Supplied data below:

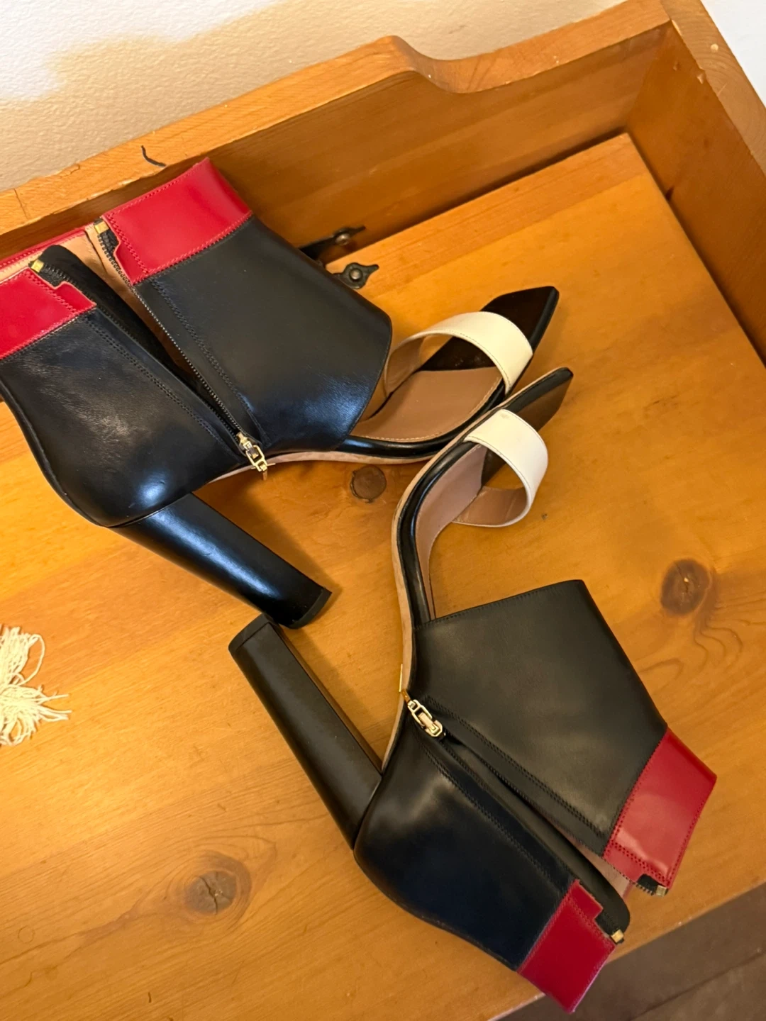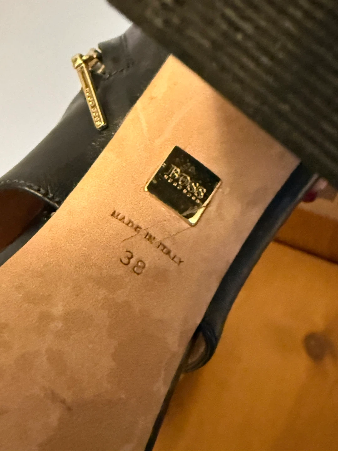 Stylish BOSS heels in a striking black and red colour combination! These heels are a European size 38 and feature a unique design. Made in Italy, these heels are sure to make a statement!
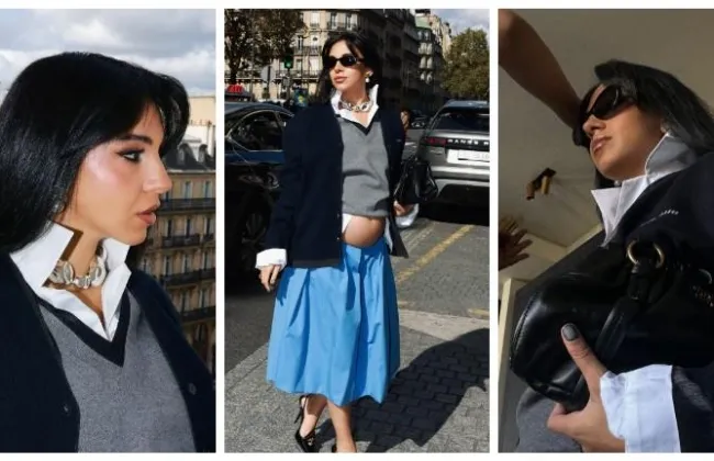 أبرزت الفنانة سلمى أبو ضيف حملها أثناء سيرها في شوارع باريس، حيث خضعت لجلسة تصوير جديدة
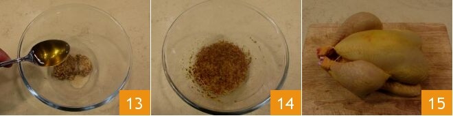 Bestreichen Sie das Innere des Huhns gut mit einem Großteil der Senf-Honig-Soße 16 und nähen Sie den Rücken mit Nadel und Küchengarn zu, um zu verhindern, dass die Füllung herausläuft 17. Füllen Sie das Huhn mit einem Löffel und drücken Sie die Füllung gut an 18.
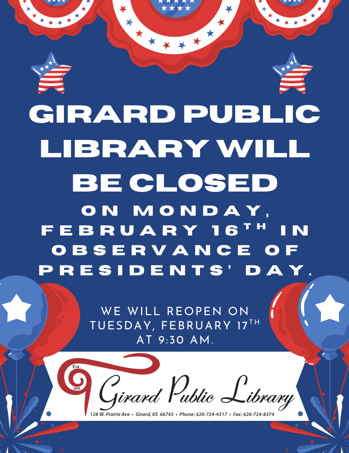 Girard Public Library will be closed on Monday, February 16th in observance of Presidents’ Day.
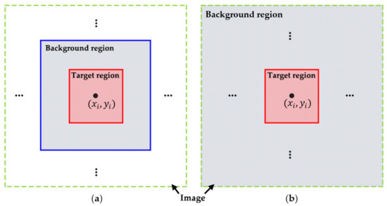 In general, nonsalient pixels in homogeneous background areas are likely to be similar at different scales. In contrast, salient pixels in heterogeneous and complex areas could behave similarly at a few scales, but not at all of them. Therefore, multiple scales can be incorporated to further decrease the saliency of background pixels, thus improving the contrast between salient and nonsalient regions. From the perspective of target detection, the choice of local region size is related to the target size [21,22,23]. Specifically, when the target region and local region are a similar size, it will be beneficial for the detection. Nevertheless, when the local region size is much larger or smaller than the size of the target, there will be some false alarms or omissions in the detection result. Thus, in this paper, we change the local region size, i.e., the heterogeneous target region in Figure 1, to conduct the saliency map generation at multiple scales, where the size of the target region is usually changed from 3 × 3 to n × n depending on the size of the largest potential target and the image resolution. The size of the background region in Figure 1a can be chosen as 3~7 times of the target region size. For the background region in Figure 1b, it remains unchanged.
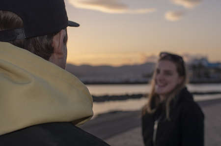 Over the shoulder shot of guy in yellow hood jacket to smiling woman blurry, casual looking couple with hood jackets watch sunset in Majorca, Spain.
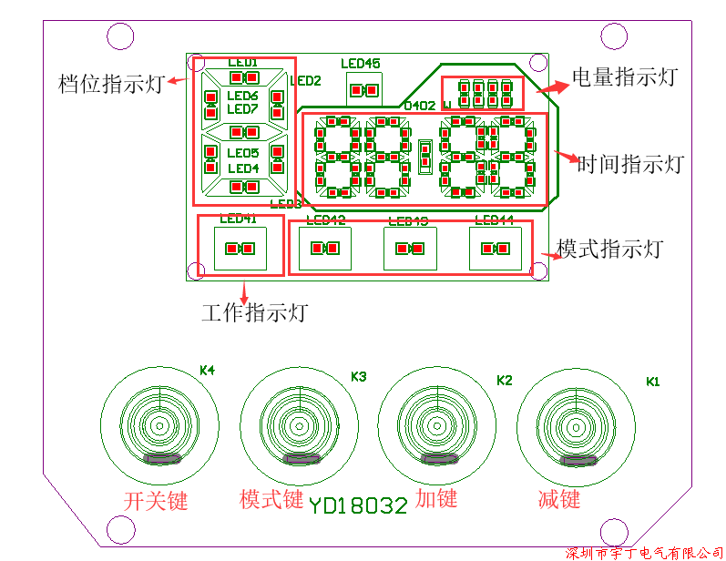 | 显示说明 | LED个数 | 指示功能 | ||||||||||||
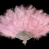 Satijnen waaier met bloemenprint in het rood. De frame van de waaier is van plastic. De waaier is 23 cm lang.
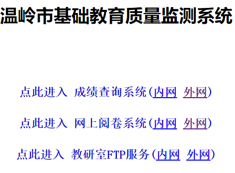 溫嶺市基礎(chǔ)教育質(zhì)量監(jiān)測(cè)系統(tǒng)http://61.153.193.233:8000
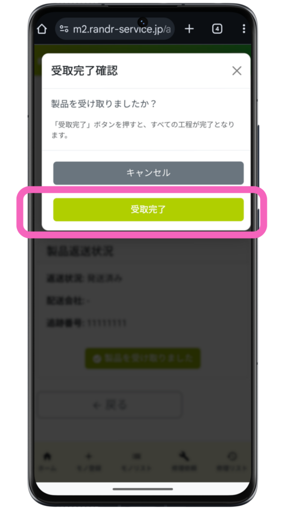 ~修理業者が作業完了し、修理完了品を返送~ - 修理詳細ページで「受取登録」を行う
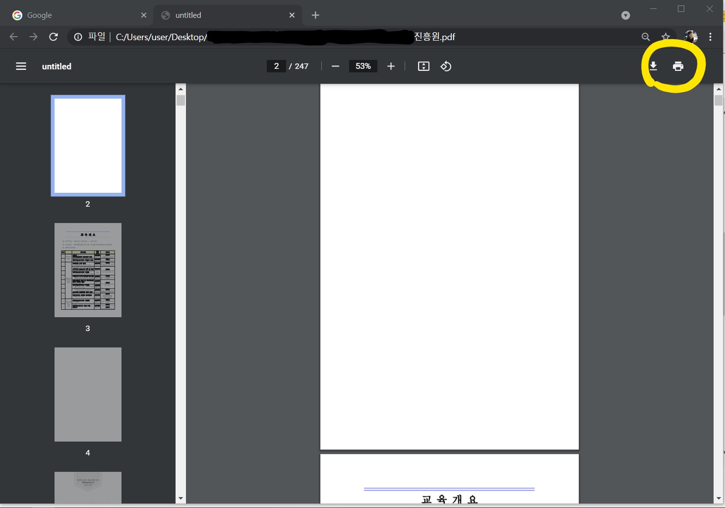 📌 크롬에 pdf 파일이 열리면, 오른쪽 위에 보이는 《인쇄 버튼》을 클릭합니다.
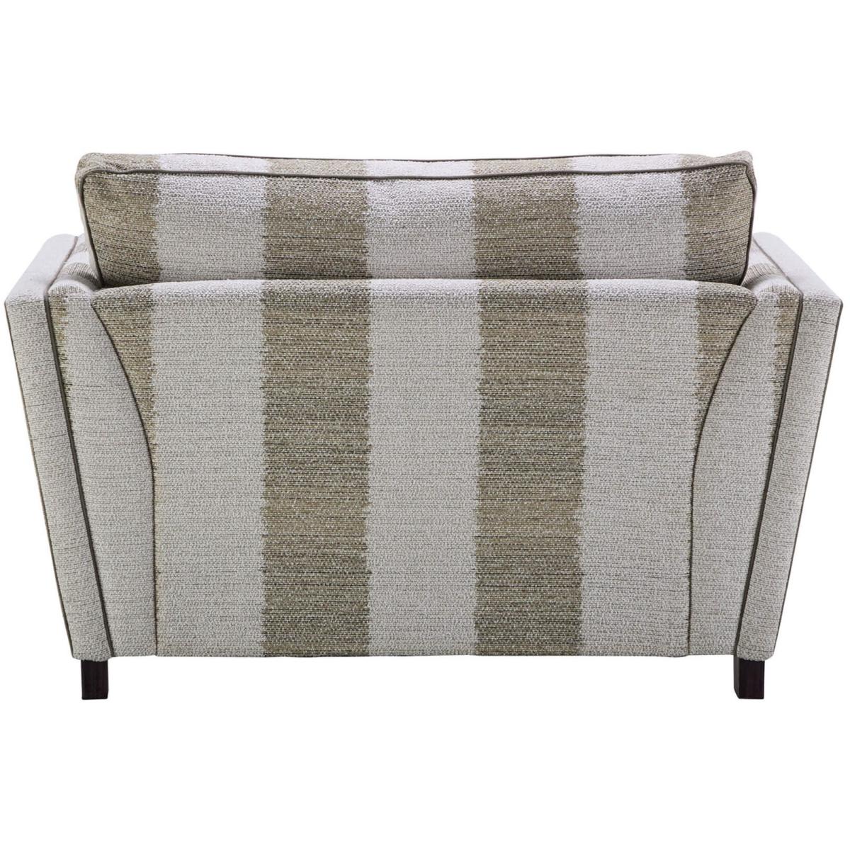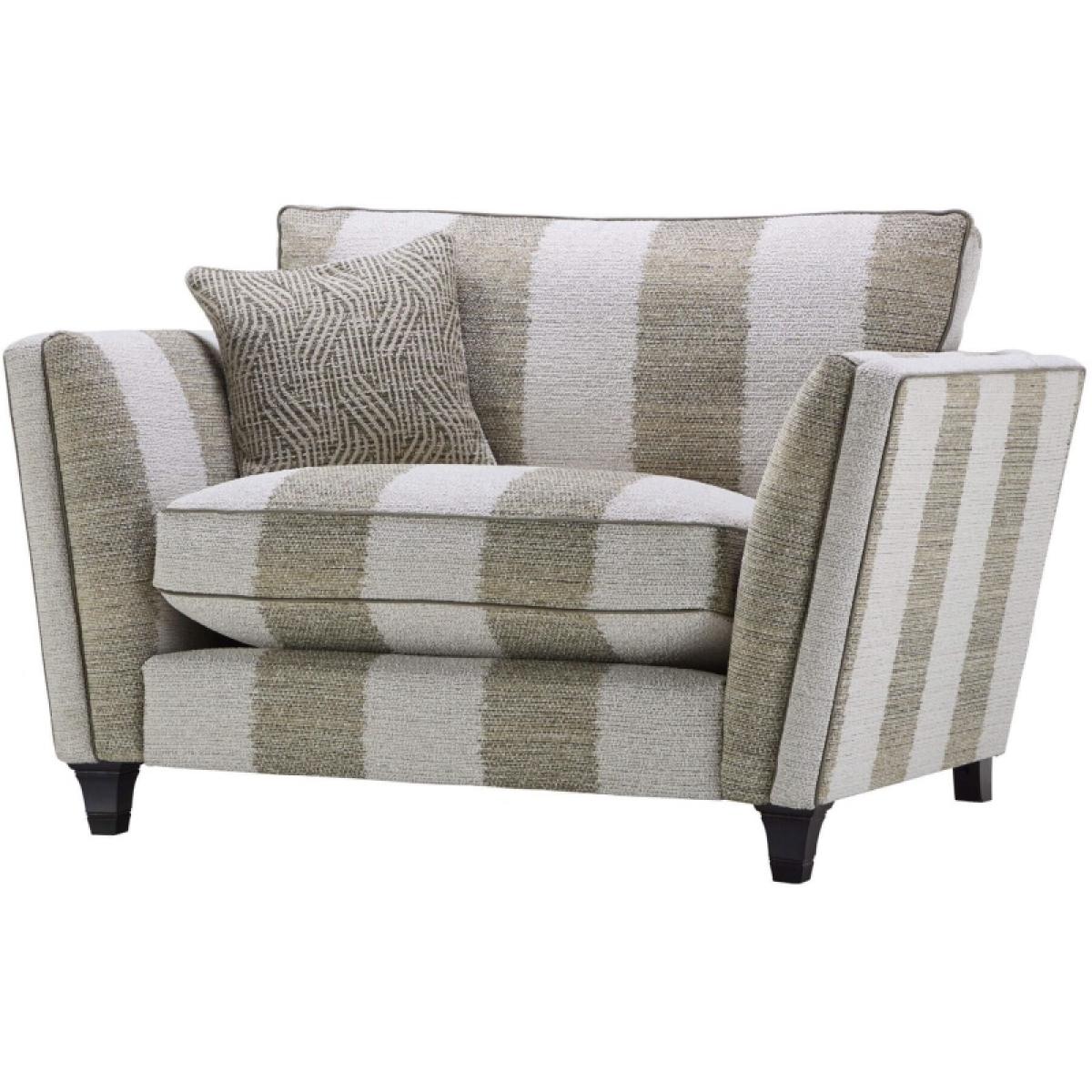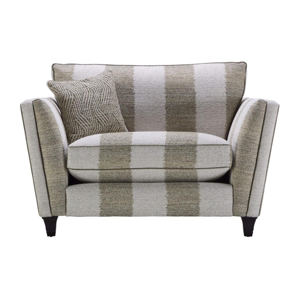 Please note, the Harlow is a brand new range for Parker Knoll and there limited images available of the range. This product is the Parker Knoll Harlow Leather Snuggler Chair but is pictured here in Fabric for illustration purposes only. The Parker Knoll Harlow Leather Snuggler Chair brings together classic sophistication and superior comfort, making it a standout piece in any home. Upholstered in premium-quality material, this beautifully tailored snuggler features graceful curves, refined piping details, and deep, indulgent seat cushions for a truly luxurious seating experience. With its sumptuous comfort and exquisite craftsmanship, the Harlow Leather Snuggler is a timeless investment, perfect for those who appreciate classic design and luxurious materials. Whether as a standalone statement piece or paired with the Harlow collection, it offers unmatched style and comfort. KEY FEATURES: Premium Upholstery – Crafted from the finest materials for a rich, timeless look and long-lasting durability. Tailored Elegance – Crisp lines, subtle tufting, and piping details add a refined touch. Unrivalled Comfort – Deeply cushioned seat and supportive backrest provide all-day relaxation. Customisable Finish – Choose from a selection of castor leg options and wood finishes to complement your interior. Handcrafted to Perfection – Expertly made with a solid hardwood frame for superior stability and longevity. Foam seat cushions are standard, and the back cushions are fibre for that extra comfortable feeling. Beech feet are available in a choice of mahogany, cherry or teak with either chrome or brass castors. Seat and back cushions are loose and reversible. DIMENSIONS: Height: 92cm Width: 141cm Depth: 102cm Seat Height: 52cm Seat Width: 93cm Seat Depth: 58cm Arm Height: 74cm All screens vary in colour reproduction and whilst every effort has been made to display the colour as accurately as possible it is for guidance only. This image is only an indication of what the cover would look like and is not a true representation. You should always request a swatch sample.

End of Supplied data.

◆ Work instruction ◆
All lines of the material above should be returned unchanged, but no pictures should be included.

◆ Solution for this task ◆
 Stylish BOSS heels in a striking black and red colour combination! These heels are a European size 38 and feature a unique design. Made in Italy, these heels are sure to make a statement!
 أبرزت الفنانة سلمى أبو ضيف حملها أثناء سيرها في شوارع باريس، حيث خضعت لجلسة تصوير جديدة
 Bestreichen Sie das Innere des Huhns gut mit einem Großteil der Senf-Honig-Soße 16 und nähen Sie den Rücken mit Nadel und Küchengarn zu, um zu verhindern, dass die Füllung herausläuft 17. Füllen Sie das Huhn mit einem Löffel und drücken Sie die Füllung gut an 18.
 Girard Public Library will be closed on Monday, February 16th in observance of Presidents’ Day.
 In general, nonsalient pixels in homogeneous background areas are likely to be similar at different scales. In contrast, salient pixels in heterogeneous and complex areas could behave similarly at a few scales, but not at all of them. Therefore, multiple scales can be incorporated to further decrease the saliency of background pixels, thus improving the contrast between salient and nonsalient regions. From the perspective of target detection, the choice of local region size is related to the target size [21,22,23]. Specifically, when the target region and local region are a similar size, it will be beneficial for the detection. Nevertheless, when the local region size is much larger or smaller than the size of the target, there will be some false alarms or omissions in the detection result. Thus, in this paper, we change the local region size, i.e., the heterogeneous target region in Figure 1, to conduct the saliency map generation at multiple scales, where the size of the target region is usually changed from 3 × 3 to n × n depending on the size of the largest potential target and the image resolution. The size of the background region in Figure 1a can be chosen as 3~7 times of the target region size. For the background region in Figure 1b, it remains unchanged.
 Over the shoulder shot of guy in yellow hood jacket to smiling woman blurry, casual looking couple with hood jackets watch sunset in Majorca, Spain.
 | 显示说明 | LED个数 | 指示功能 | ||||||||||||
 Satijnen waaier met bloemenprint in het rood. De frame van de waaier is van plastic. De waaier is 23 cm lang.
 溫嶺市基礎(chǔ)教育質(zhì)量監(jiān)測(cè)系統(tǒng)http://61.153.193.233:8000
 ~修理業者が作業完了し、修理完了品を返送~ - 修理詳細ページで「受取登録」を行う
 📌 크롬에 pdf 파일이 열리면, 오른쪽 위에 보이는 《인쇄 버튼》을 클릭합니다.
 Please note, the Harlow is a brand new range for Parker Knoll and there limited images available of the range. This product is the Parker Knoll Harlow Leather Snuggler Chair but is pictured here in Fabric for illustration purposes only. The Parker Knoll Harlow Leather Snuggler Chair brings together classic sophistication and superior comfort, making it a standout piece in any home. Upholstered in premium-quality material, this beautifully tailored snuggler features graceful curves, refined piping details, and deep, indulgent seat cushions for a truly luxurious seating experience. With its sumptuous comfort and exquisite craftsmanship, the Harlow Leather Snuggler is a timeless investment, perfect for those who appreciate classic design and luxurious materials. Whether as a standalone statement piece or paired with the Harlow collection, it offers unmatched style and comfort. KEY FEATURES: Premium Upholstery – Crafted from the finest materials for a rich, timeless look and long-lasting durability. Tailored Elegance – Crisp lines, subtle tufting, and piping details add a refined touch. Unrivalled Comfort – Deeply cushioned seat and supportive backrest provide all-day relaxation. Customisable Finish – Choose from a selection of castor leg options and wood finishes to complement your interior. Handcrafted to Perfection – Expertly made with a solid hardwood frame for superior stability and longevity. Foam seat cushions are standard, and the back cushions are fibre for that extra comfortable feeling. Beech feet are available in a choice of mahogany, cherry or teak with either chrome or brass castors. Seat and back cushions are loose and reversible. DIMENSIONS: Height: 92cm Width: 141cm Depth: 102cm Seat Height: 52cm Seat Width: 93cm Seat Depth: 58cm Arm Height: 74cm All screens vary in colour reproduction and whilst every effort has been made to display the colour as accurately as possible it is for guidance only. This image is only an indication of what the cover would look like and is not a true representation. You should always request a swatch sample.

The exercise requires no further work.